Disclosing enough information without being overwhelming
Breaking away from the usual mold of “formal reports”
Reminding users of the excitement
What the report looks like now
Some other platforms tried to improve it to this
First, some questions:
What’s required by the SEC?
Of the requirements, what do users want to see/find useful?
Showcase the useful, hide the rest.
What are some things that are easily procurable for founders? Of this set, what will offer value to users?
What are things users would find useful that we don’t currently ask founders for?
What actions should users be able to take from here?
Then it’s time for the drawing books.
Some rejected ideas.
Let’s take a look at the new report
Investors want to see something human. Since it’s often months and even up to a year since the last time investors heard from founders, there’s a wide digital barrier between founders and investors. An intention of this annual report is to humanize the founders so they understand that these are people who are working hard, doing their best, to grow a business.
I was intent on being approachable and only show the relevant information. This means that risks, director structure, company details, and other information that would not have changed since the investor initially reviewed the form c, are hidden under “The Weeds”. Broad trends should be easily discernible at a glance.
There are some components in this annual report that we decided could also be showcased elsewhere. In order to minimize amount of resources taken up, I want to either reuse existing components or build components that can be reused elsewhere.

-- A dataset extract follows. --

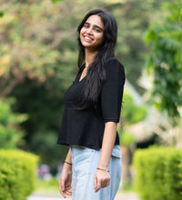 Designed for clean elegance, this black top features a structured bodice and soft puff sleeves for a subtle feminine silhouette.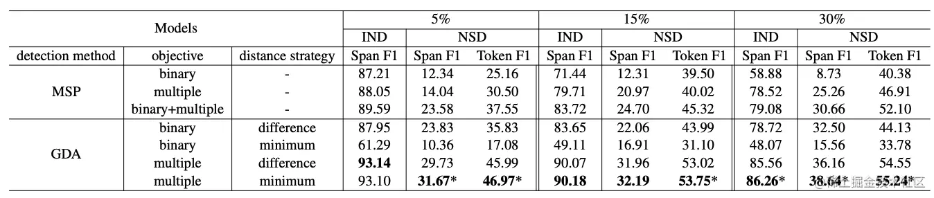 我们使用实体识别的F1作为评价指标,包括Span-F1和Token-F1,二者的区别在于是否考虑实体边界,实验结果如下:

Report card: We’re exploring using this format for due diligence on companies currently campaigning. Industry experts and veteran investors will be approached for their separate opinions on an investment opportunity. The results are then aggregated and shared either via our newsletter or a report card embedded in the company profile.
The Q&A: usually there are no ways to interaction with an official report, but for no good reason. This component is used in numerous places, on this report, the company profile, as well as the company community page.
How do investors get access to this?
Once the company files the report with us and we file it with the SEC, we’ll send the completed report to the investors via email. The investors will also be able to access the report from their investment dashboard as well as the company’s profile. Of course, they will always be able to find the filed copy via the SEC online portal.
This report is highly limited by our time and engineering resources. Because of that, it is bound by the current structure of Form Cs on Wefunder and how they are generated (our internal editor tool). I was not able to completely dream up a new format of annual reports, but tried my best to break from the usual mold of reports and forms.
The counterpart to this project is the annual report generator (ARG), which I’ll cover in a separate case study.